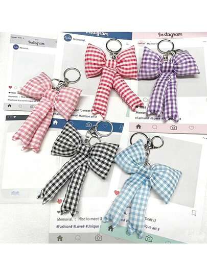 1pc Sweet Girls Heart Plaid Bow Keychain Bag Charm, Cute Backpack Purse Pendant Perfect For Back To School & Daily Use - Multicolor - View 1
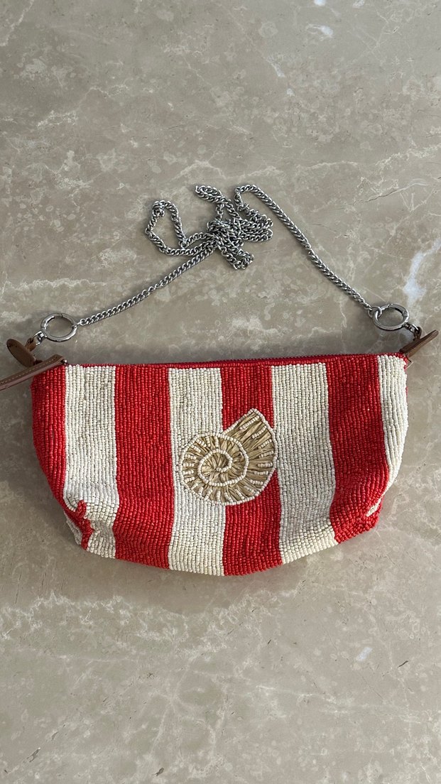 Kırmızı ve beyaz çizgili, boncuk işleme detaylı örme çanta. Zincir askılı, birbirine bağlanabilir şekildedir.
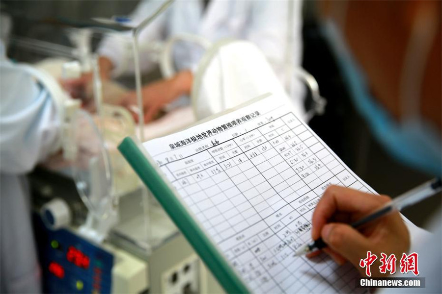 A medical worker checks the health of the newborn pair.[Photo/Chinanews.com]
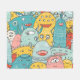 Boho-style cute monsters gather in this vibrant seamless pattern.
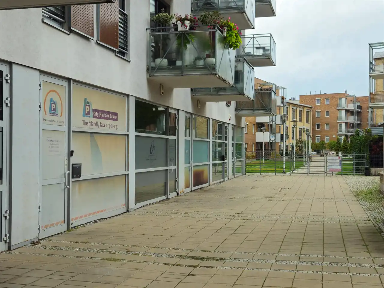 Lokal położony jest na wysokim parterze w strefie komunikacyjnej do osiedla mieszkaniowego. Posiada dużą witrynę oraz reprezentacyjne, przeszklone drzwi. Budynek w części usługowej wyposażony jest w windę, która umożliwia komunikację osobom z niepełnosprawnościami.
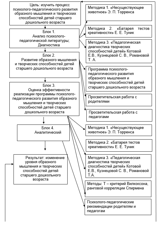 Модель психолого – педагогического развития образного мышления и творческих способностей детей старшего дошкольного возраста представлена нами ниже (см. рисунок 2)
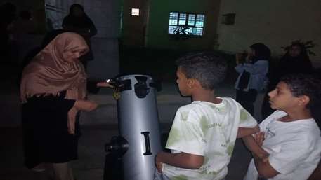 در پایان این برنامه کودکان و نوجوانان شرکت کننده مینابی با تلسکوپ به نظاره ماه نشستند.
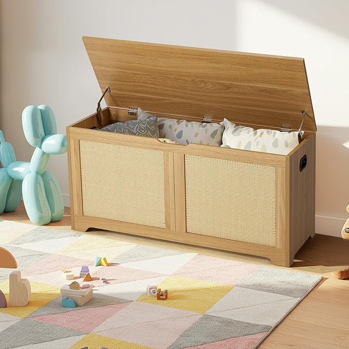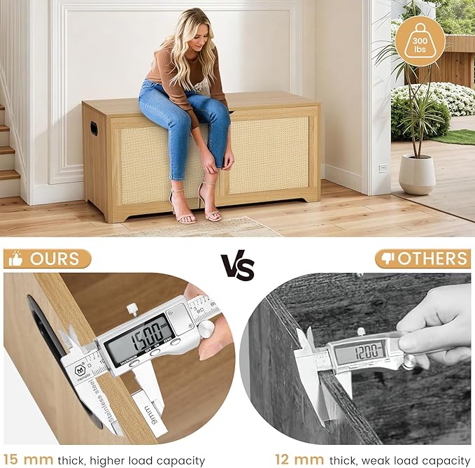 EROMMY Storage Chest, 39.4" Rattan Storage Bench with 2 Safety Hinges, Shoe Bench for Entryway, Bedroom, Living Room, Supports 300 lb
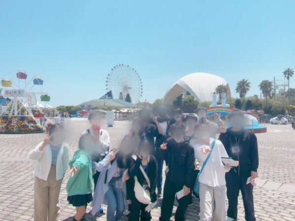 凱旋門や万里の長城など世界の有名な建物が25分の1サイズで集合する国際色豊かな園内で、生徒たちはフォトジェニックな旅写真を笑顔で撮っていました。
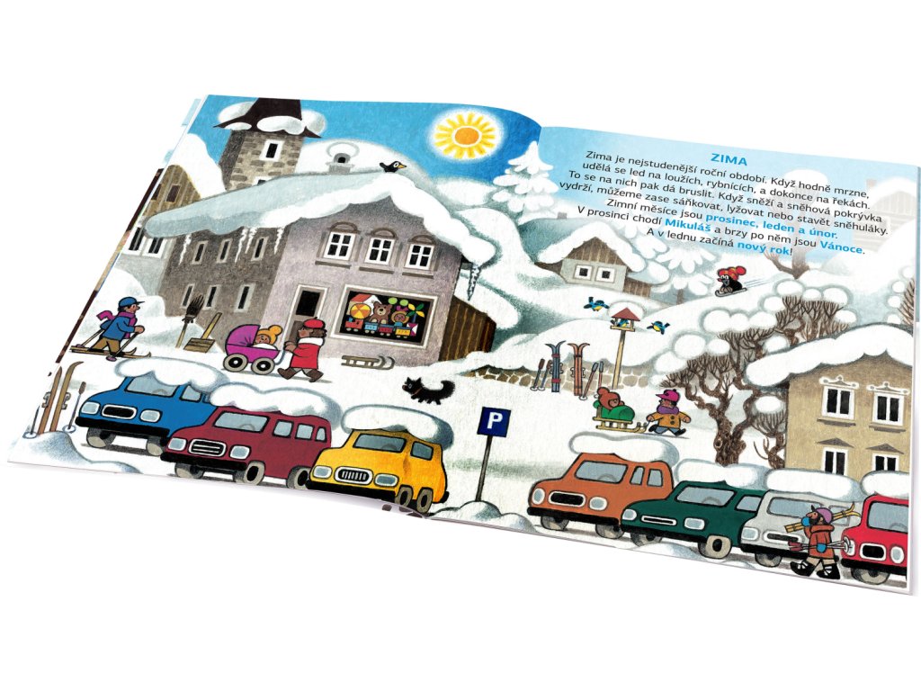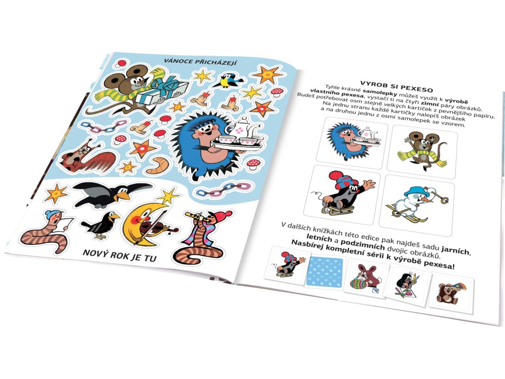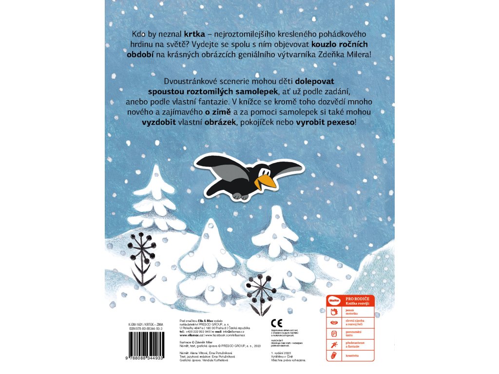 Kdo by neznal krtka – nejroztomilejšího kresleného pohádkového hrdinu na světě? Vydejte se spolu s ním objevovat kouzlo ročních období na krásných obrázcích geniálního výtvarníka Zdeňka Milera! Dvoustránkové scenerie mohou děti dolepovat spoustou roztomilých samolepek, ať už podle zadání, anebo podle vlastní fantazie. V knížce se kromě toho dozvědí mnoho nového a zajímavého o zimě a za pomoci samolepek si také mohou vyzdobit vlastní obrázek, pokojíček nebo vyrobit pexeso!

· · · · · · ·

The lines to copy exactly start with the line above that has "Supports 300 lb" and go on through the line that has "凱旋門や万里の長城など世界の"; please include both, add nothing else, and omit the pictures.

 EROMMY Storage Chest, 39.4" Rattan Storage Bench with 2 Safety Hinges, Shoe Bench for Entryway, Bedroom, Living Room, Supports 300 lb
 凱旋門や万里の長城など世界の有名な建物が25分の1サイズで集合する国際色豊かな園内で、生徒たちはフォトジェニックな旅写真を笑顔で撮っていました。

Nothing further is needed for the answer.